Required Python packages:

pip install assemblyai google-generativeai pydub

Setup

Clone the repository:

git clone <repository-url>
cd audio_learning_article

Install dependencies:
```
pip install assemblyai pydub
```
Set up your AssemblyAI API key:
- Edit run_transcriber.bat or run_transcriber.sh
- Replace YOUR_ASSEMBLYAI_API_KEY with your actual API key
- Or set the environment variable ASSEMBLYAI_API_KEY

Usage

Method 1: Manual Execution

Windows:

cd video_transcriber
.\run_transcriber.bat

Linux/macOS:

cd video_transcriber
bash run_transcriber.sh

Direct Python:

cd video_transcriber
python process_videos.py

Method 2: Automated Processing with Windows Task Scheduler

For automatic processing when files are added to the input folder, you can set up a Windows Task Scheduler task:

Step-by-Step Setup:

Open Task Scheduler:
- Press Win + R, type taskschd.msc, and press Enter
- Or search for "Task Scheduler" in the Start menu
Create a New Task:
- In the right panel, click "Create Task..."
- Name: Audio Learning Article Transcriber
- Description: Automatically transcribe videos when added to input folder
- Check "Run whether user is logged on or not"
- Check "Run with highest privileges"
Configure Triggers:
- Go to the "Triggers" tab
- Click "New..."
- Begin the task: "On an event"
- Settings:
  - Log: System
  - Source: Microsoft-Windows-Kernel-File
  - Event ID: 11 (file creation)
- Click "OK"
Configure Actions:
- Go to the "Actions" tab
- Click "New..."
- Action: "Start a program"
- Program/script: cmd.exe
- Add arguments: /c "cd /d "D:\vscode_projects\challenges\audio_learning_article\video_transcriber" && run_transcriber.bat"
- Note: Replace the path with your actual project path
- Click "OK"
Configure Conditions (Optional):
- Go to the "Conditions" tab
- Uncheck "Start the task only if the computer is on AC power" (for laptops)
- Check "Wake the computer to run this task" if desired
Configure Settings:
- Go to the "Settings" tab
- Check "Allow task to be run on demand"
- Check "Run task as soon as possible after a scheduled start is missed"
- If task fails, restart every: 1 minute
- Attempt to restart up to: 3 times
Save the Task:
- Click "OK"
- Enter your Windows password when prompted

Alternative: PowerShell File Watcher (Recommended)
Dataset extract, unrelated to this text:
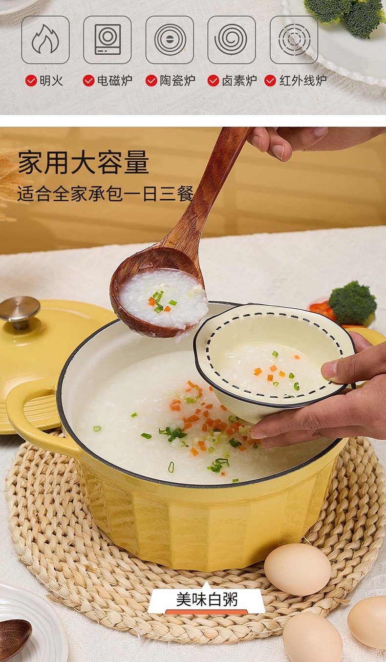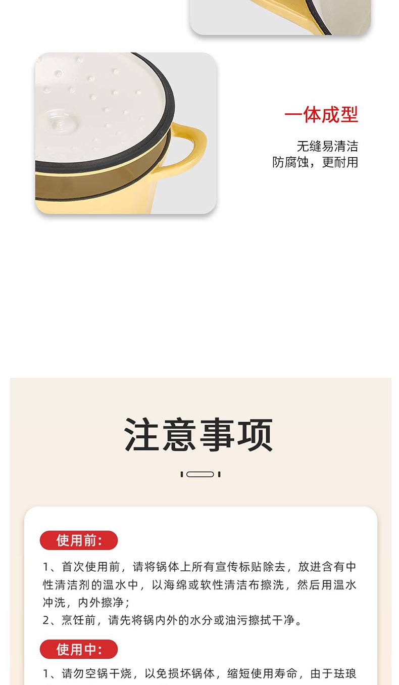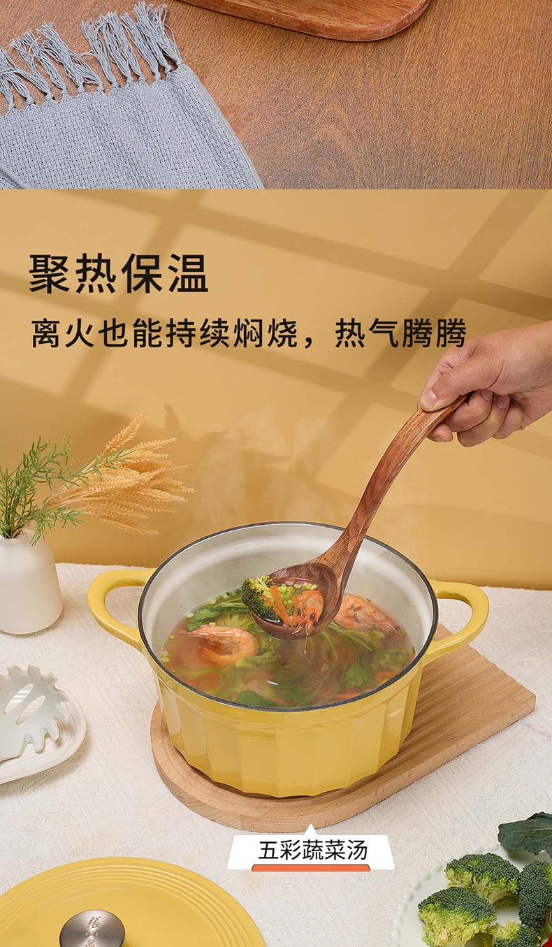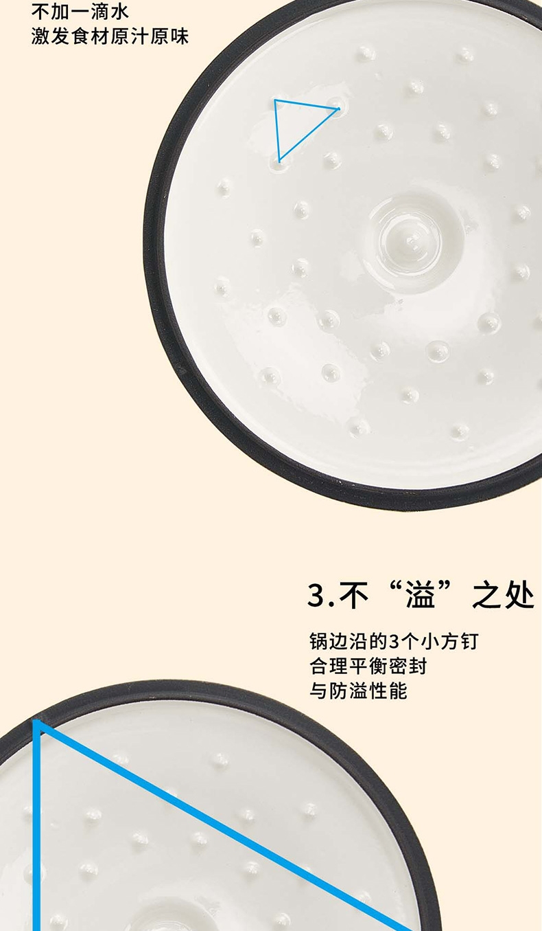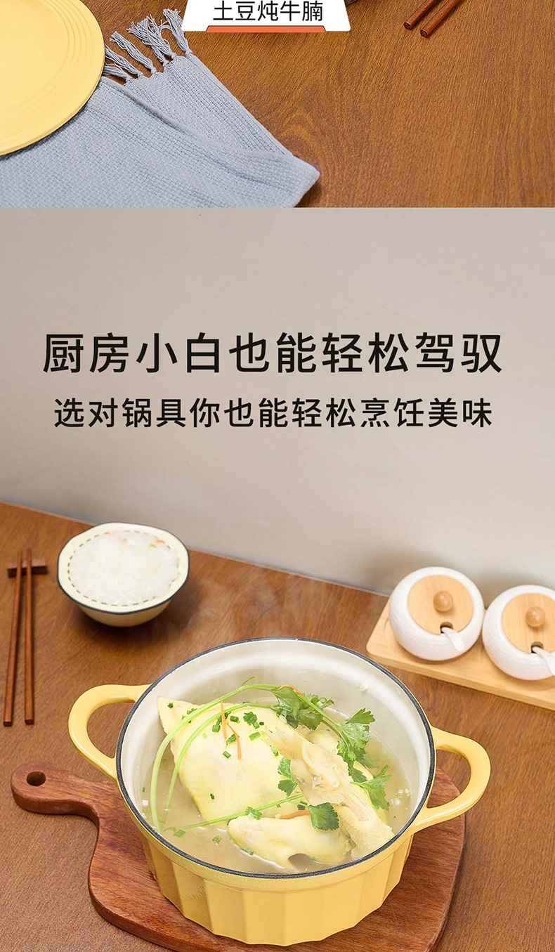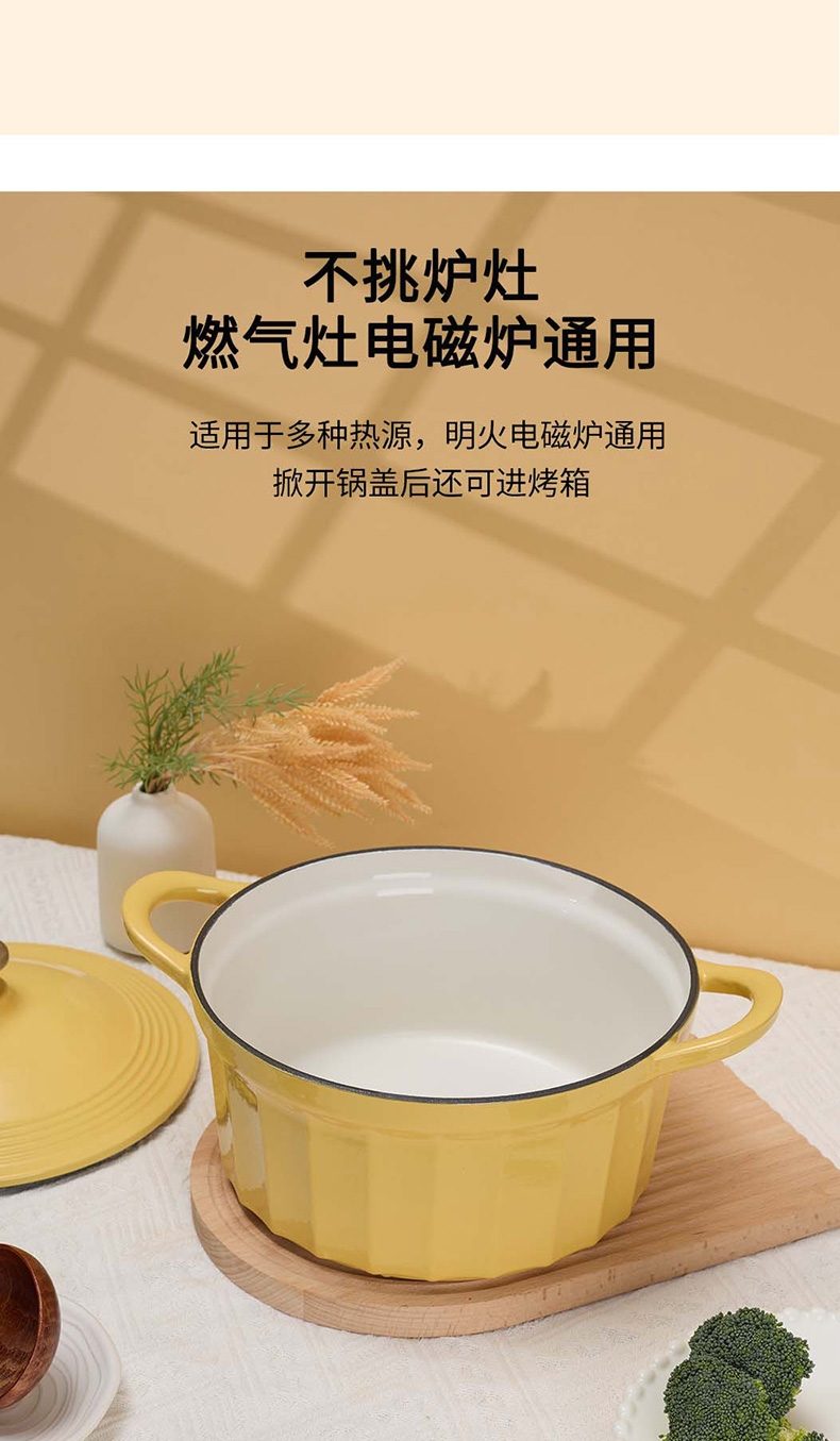 焖炖烤煎煮,一锅搞定;加厚铸铁基材,聚热保温;蒸汽自循环,锁水留汁;微孔珐琅内壁,越用越不粘;大平底不挑灶具;36颗黄金三角凝水点

For more precise and reliable file monitoring, use the included PowerShell file watcher script:

To use the PowerShell file watcher:

Open PowerShell as Administrator

Set execution policy (one-time setup):

Set-ExecutionPolicy -ExecutionPolicy RemoteSigned -Scope CurrentUser

Navigate to the video_transcriber folder:

cd "D:\vscode_projects\challenges\audio_learning_article\video_transcriber"

Run the file watcher:
```
.\file_watcher.ps1
```

Features of the PowerShell file watcher:

Smart file detection: Waits for files to be fully copied before processing
File lock checking: Ensures files aren't still being written to
Colored output: Easy-to-read status messages
Error handling: Graceful handling of transcription errors
Automatic path detection: No need to edit paths in the script

The file watcher will:

Monitor the InputVideos folder for new MP4 files
Wait for files to be completely copied
Automatically start transcription when ready
Display progress and status messages
Continue monitoring until you press Ctrl+C

Enhanced Processing Workflow

Drop MP4 files in video_transcriber/InputVideos/
Choose execution method:
- Manual: Run the transcriber using one of the methods above
- Automatic: Files will be processed automatically if you've set up the scheduler/file watcher
The enhanced script will:
- ✅ Extract audio from each MP4 file
- ✅ Send audio to AssemblyAI for transcription
- ✅ Generate raw transcript in OutputMarkdown/
- ✅ Send transcript to Google Gemini AI for article generation
- ✅ Create structured learning article in LearningArticles/
- ✅ Delete original MP4 file (only after successful completion)
- ✅ Clean up temporary audio files
- ✅ Log processing costs and metadata

Output Files:

OutputMarkdown/[filename].md - Raw transcript from AssemblyAI
LearningArticles/[filename]_article.md - Enhanced learning article from Gemini

Safety Features:

Original video files are only deleted after BOTH transcription AND article generation succeed
If any step fails, the original video is preserved
Detailed error logging and cost tracking

Configuration

API Key Setup

You need to configure both API keys as environment variables for security:

Method 1: Environment Variables (Recommended)

# Linux/macOS
export ASSEMBLYAI_API_KEY="your_assemblyai_key_here"
export GEMINI_API_KEY="your_gemini_key_here"

# Windows Command Prompt
set ASSEMBLYAI_API_KEY=your_assemblyai_key_here
set GEMINI_API_KEY=your_gemini_key_here

# Windows PowerShell
$env:ASSEMBLYAI_API_KEY="your_assemblyai_key_here"
$env:GEMINI_API_KEY="your_gemini_key_here"

Method 2: Add to Shell Profile (Persistent)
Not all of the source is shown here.